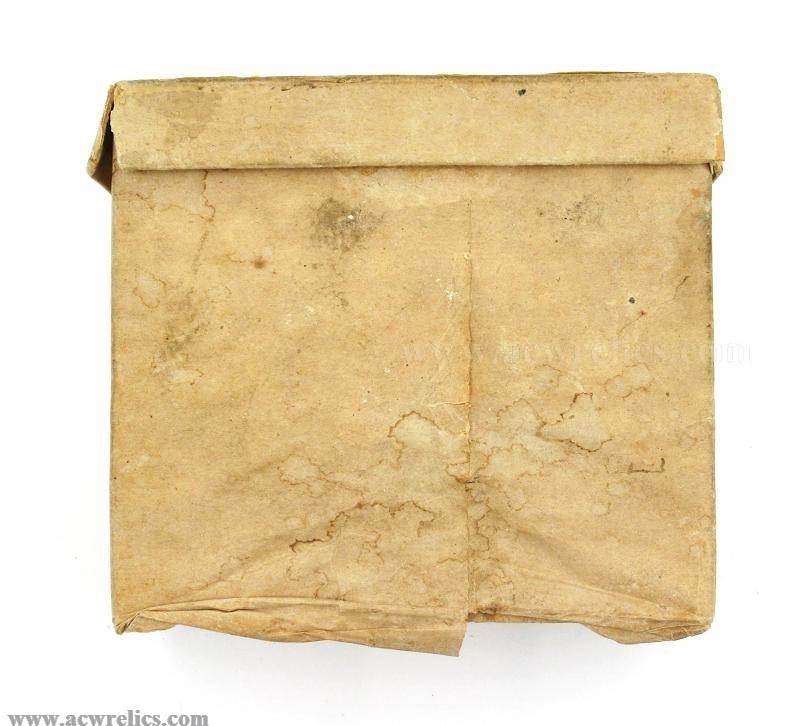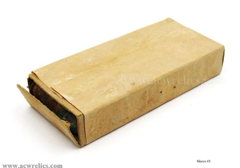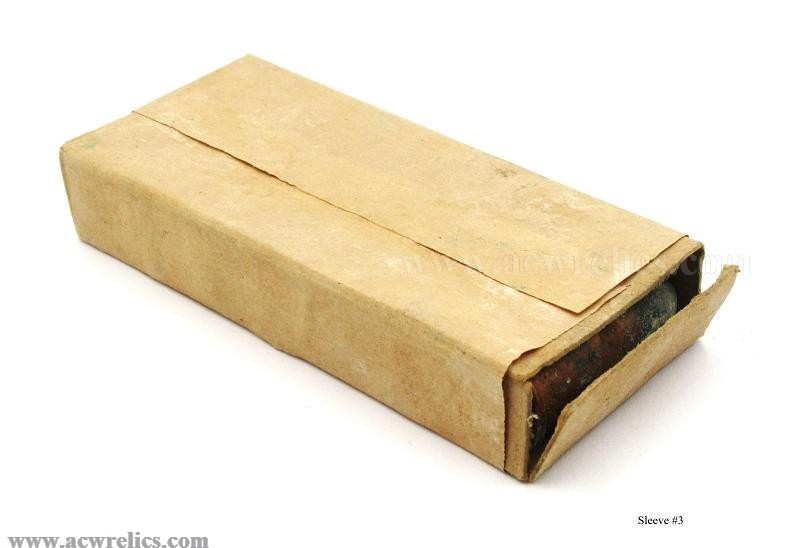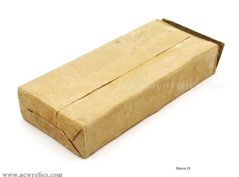 Sleeve #3: Full and correct pasteboard sleeve with wrapper. One end is partially opened, the other sealed.
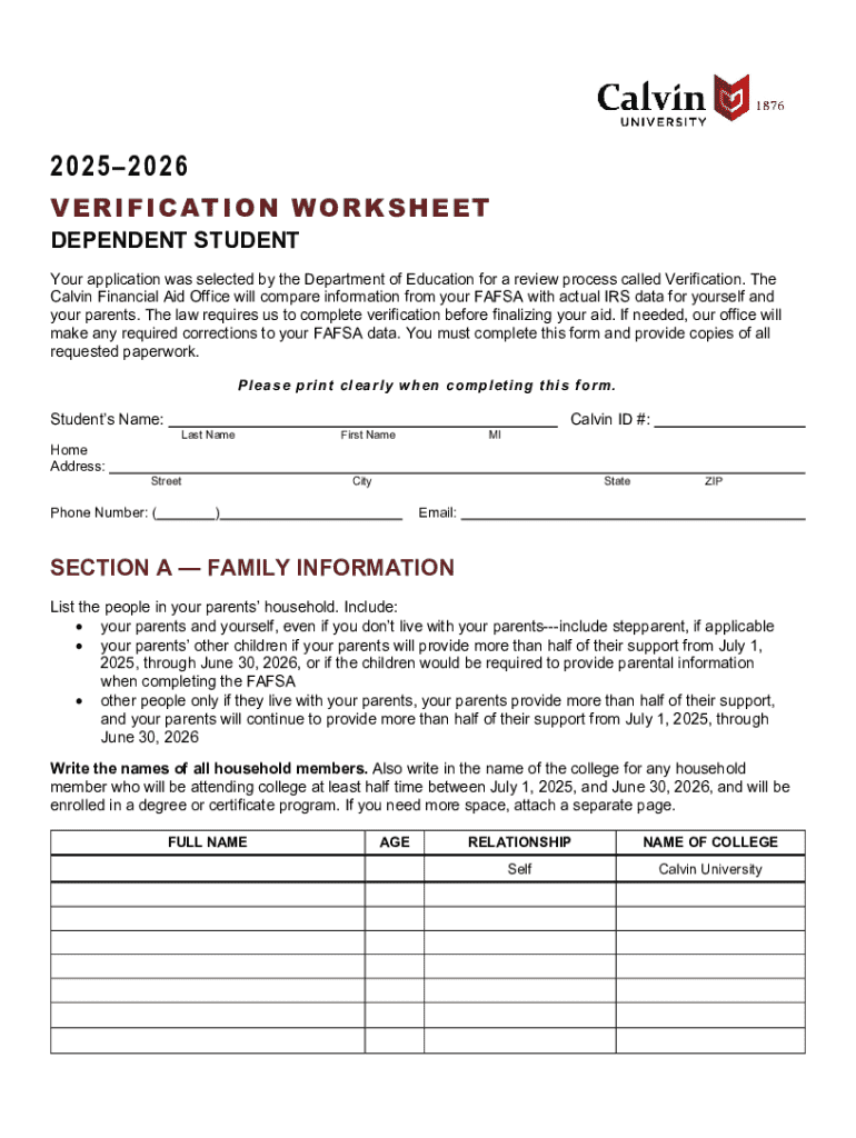 2 0 2 5 2 02 6 VERIFICATION WORKSHEET DEPENDENT STUDENTYour application was selected by the Department of Education for a review process called Verification. The Calvin Financial Aid Office will compare
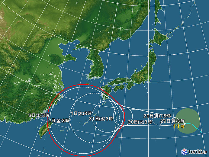 1日3時には日本の南に達し、3日3時には沖縄本島近海に達する見込み。
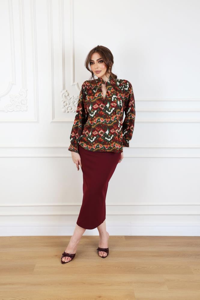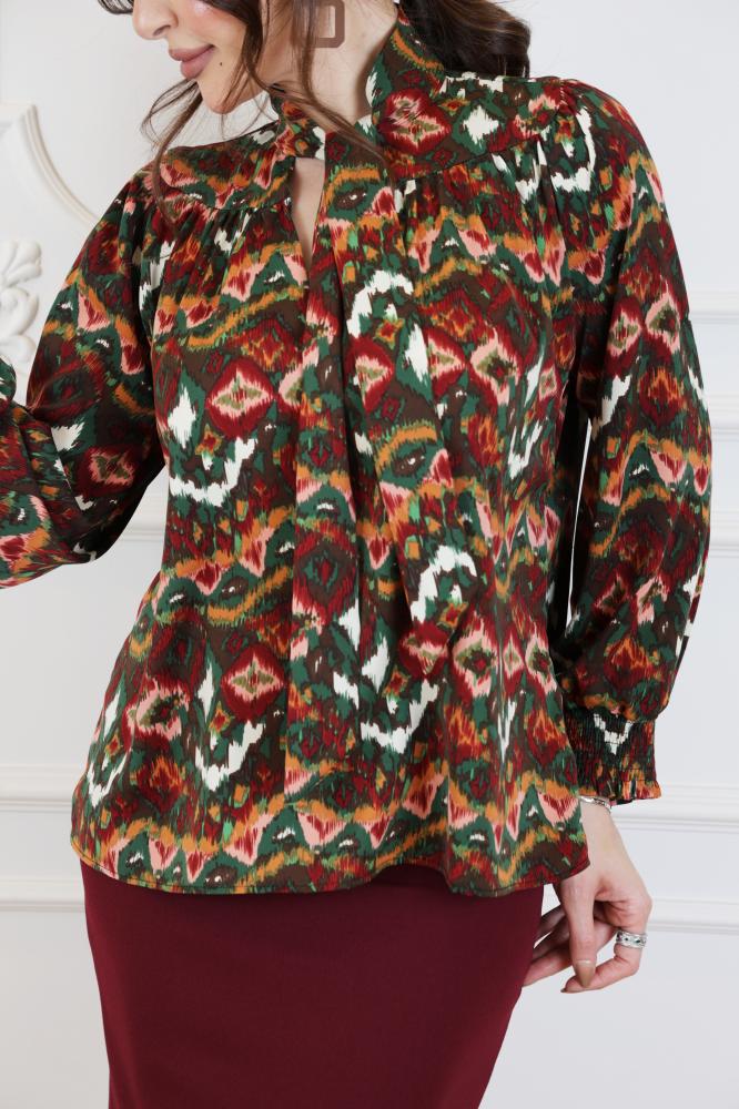 تميّزي بألوان دافئة ونقشة آسرة مع هذه البلوزة المصممة بطبعة هندسية مستوحاة من النقوش القبلية التقليدية، والتي تدمج ببراعة بين الأحمر، البرتقالي، الأخضر، والبيج على خلفية داكنة. تصميمها العصري مع ربطة عنق أنثوية، وأكمام طويلة بنهايات مطاطية مجمعة يضفيان لمسة من الأناقة والراحة في آنٍ واحد.

What you need to do: For this exercise, give the listing again exactly as written, with the pictures omitted.

Answer to this exercise:
 Sleeve #3: Full and correct pasteboard sleeve with wrapper. One end is partially opened, the other sealed.
 2 0 2 5 2 02 6 VERIFICATION WORKSHEET DEPENDENT STUDENTYour application was selected by the Department of Education for a review process called Verification. The Calvin Financial Aid Office will compare
 1日3時には日本の南に達し、3日3時には沖縄本島近海に達する見込み。
 تميّزي بألوان دافئة ونقشة آسرة مع هذه البلوزة المصممة بطبعة هندسية مستوحاة من النقوش القبلية التقليدية، والتي تدمج ببراعة بين الأحمر، البرتقالي، الأخضر، والبيج على خلفية داكنة. تصميمها العصري مع ربطة عنق أنثوية، وأكمام طويلة بنهايات مطاطية مجمعة يضفيان لمسة من الأناقة والراحة في آنٍ واحد.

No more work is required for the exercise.